The asterisks thing is another issue. LLMs don't need to do this to replace directors.
>Yes, this is what I mean by the limited capacity of a simple textual description. It's a fundamental limitation - natural language is just poorly suited for the detailed conceptualization.
Except LLMs can accept sketches as input. The higher order methods of communication are covered by encoders.
This is the opposite of what I see in reality right now. The hard part is to make the artists do exactly what you want, down to the subtle but meaningful details. That happens because the high-level instructions don't have enough capacity to deliver the full meaning. This is the same with generative models: extremely hard to control with the "prompt engineering" gimmick, it's only fine when you are OK with random output. Besides, they are purely functional and lack feedback mechanisms the creative director usually employ with artists.
That's why people are trying to make techniques more complex - large animation houses experiment with training their own model architectures and software. This is the way 3D CGI was born - simple at first, and yes it got plenty of doomposting at first (we are getting replaced by computers!), until it was clear that the field becomes extremely technical and complex, so it even has dozens of specializations inside it.

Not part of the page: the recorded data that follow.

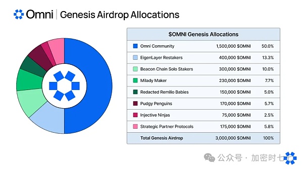 第一层网络Omni Network的代币于 4 月 17 日 14:00 上线,空投活动期间向符合条件的用户发放了 300 万枚 OMNI,相当于代币总供应量 1 亿枚的 3%。空投活动期间,OMNI 市值为 5.6 亿美元。
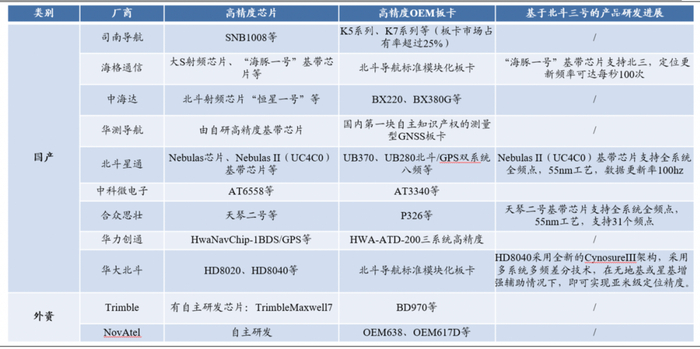 国内主流北斗相关企业均已经实现了芯片和板卡的自主生产。
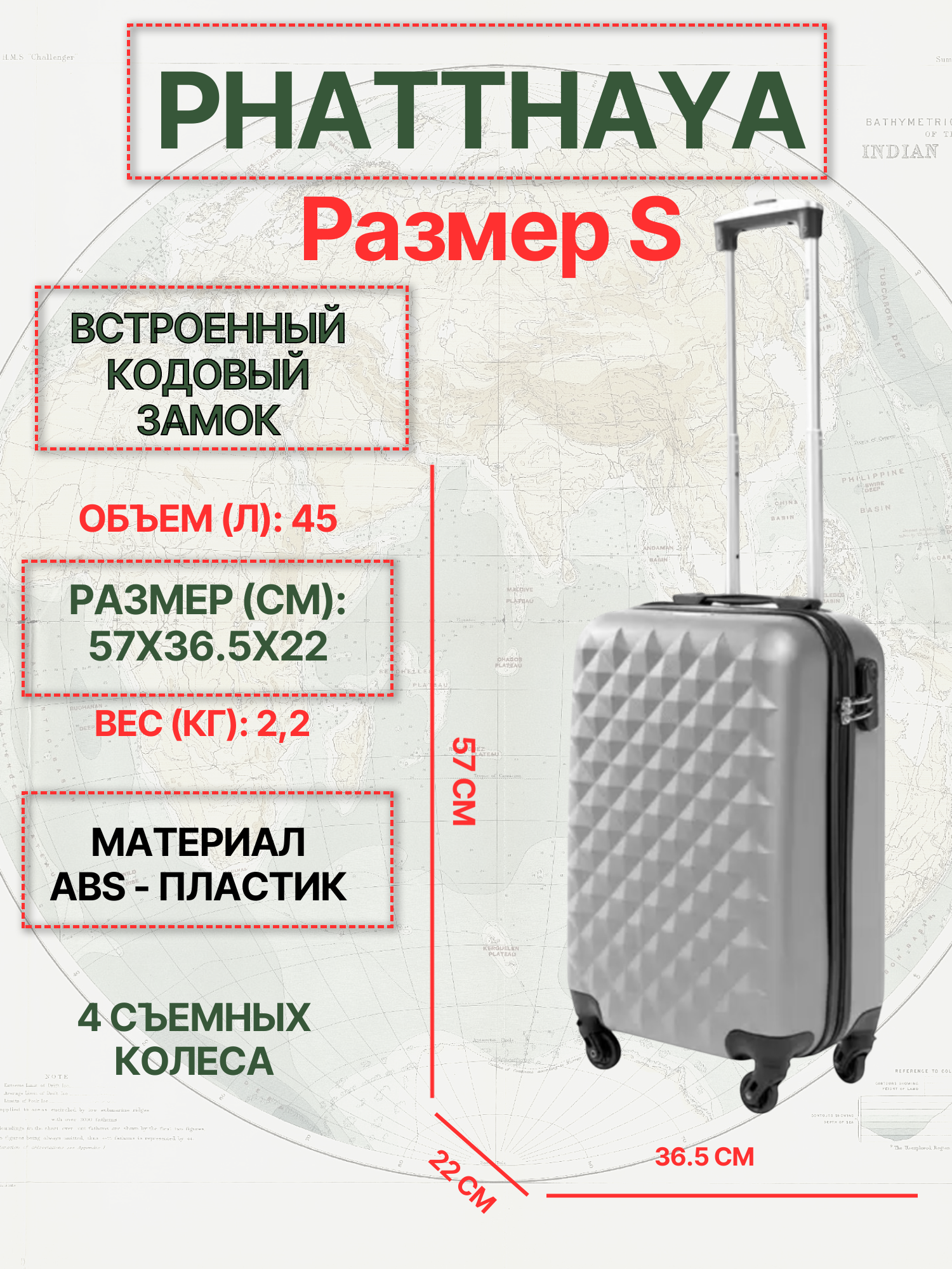 Чемодан на колесах маленький S пластиковый Phatthaya, дорожный, ударопрочный, съемные колеса, кодовый замок, ручная кладь, 56см, 33л
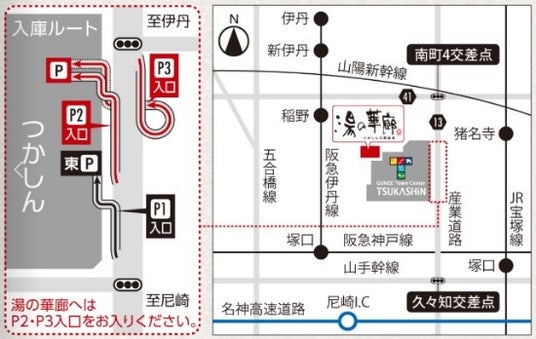 ■つかしん天然温泉 「湯の華廊」営業時間&アクセス
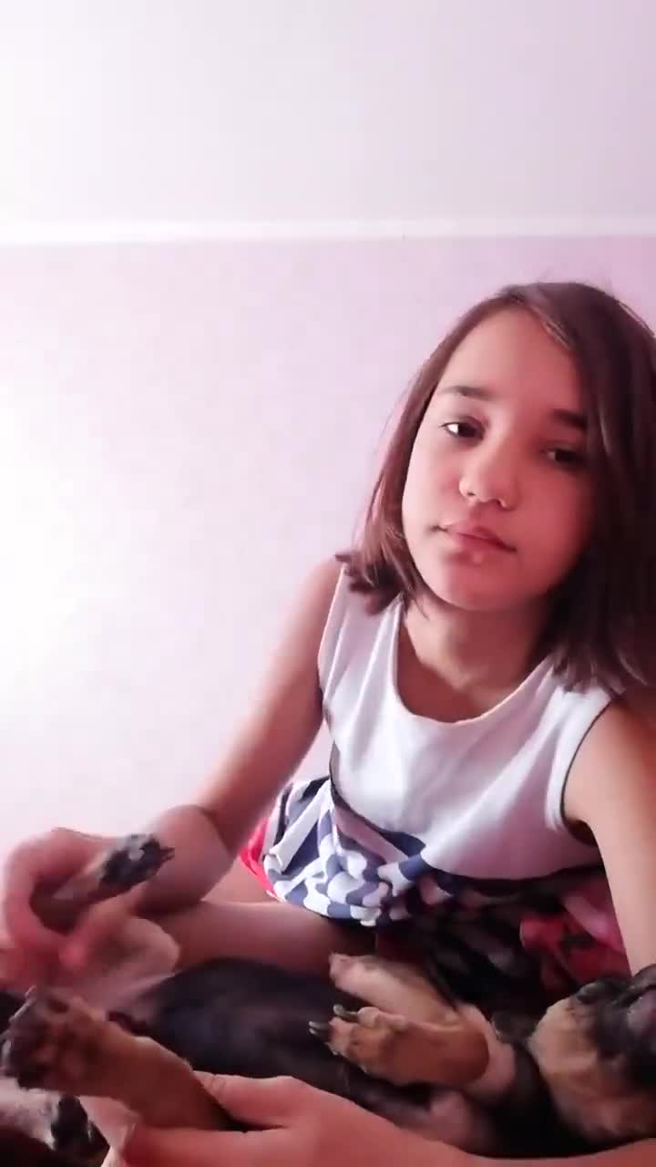 小萝莉先给狗狗亲吻,然后给狗吹鸡巴
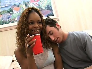 Delicious ebony chick Marie gets spit roasted by a pair of white rods
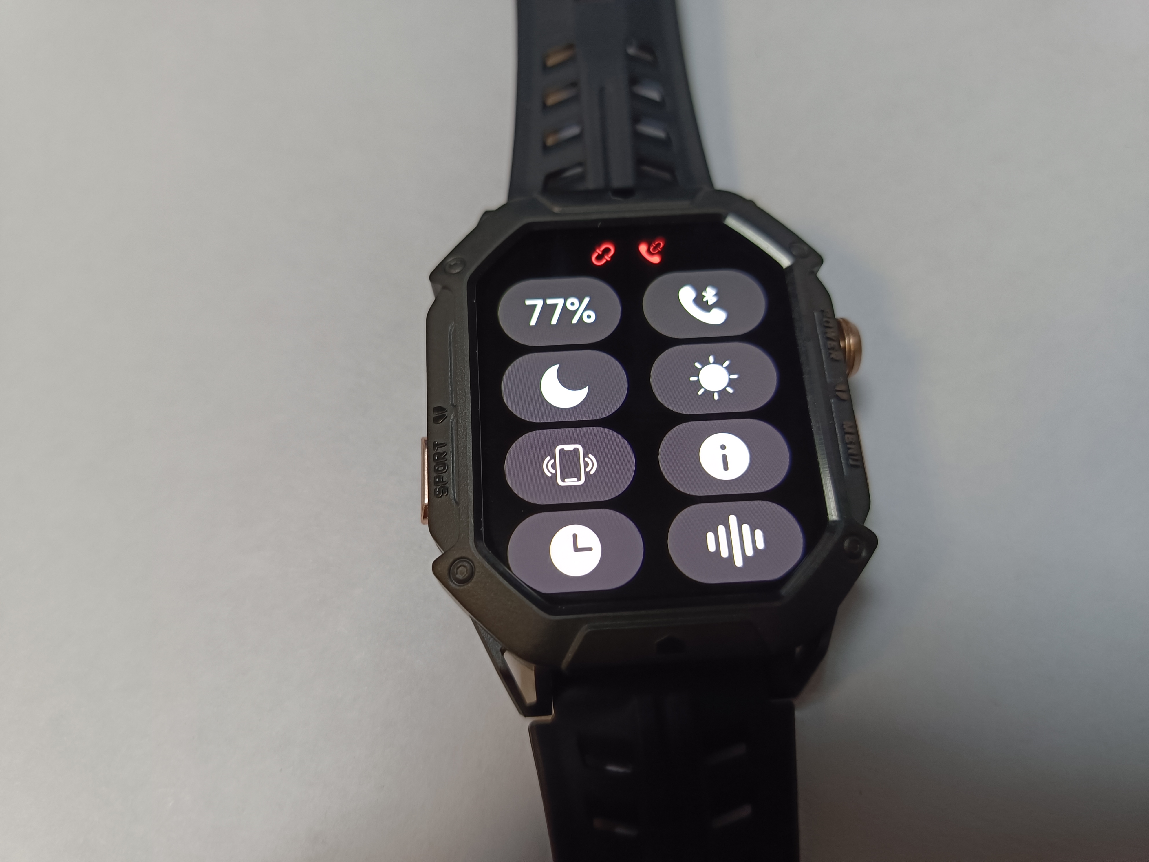 Для этого дисплея хотелось бы парочку игр, но их здесь нет, как фонарика и GPS. Еще недостаток для меня, что нельзя перепрограммировать боковые кнопки. Кстати, фонарик заменяет быстрая панель доступа слева направо, где открываете погоду, и она светит синим цветом очень ярко. Ярче, чем фонарик на Huawei GT2.

All entertainment is ultimately based on novelty, as human brain is really good at distilling meaning from the ocean of information. If you start with little meaning (your example - "a cowboy with blue skin with a laser cannon riding a unicycle through the grand canyon with a dwarf chasing him"), people get bored - no matter how much randomized artsy-looking stuff you add around it.
If you think that AI can generate all meaning that is relevant to people, I don't buy it, as it doesn't have the same training material. It's trained on the result and is forced to reverse engineer what moves people; reverse engineering is a fundamentally more costly and opaque task.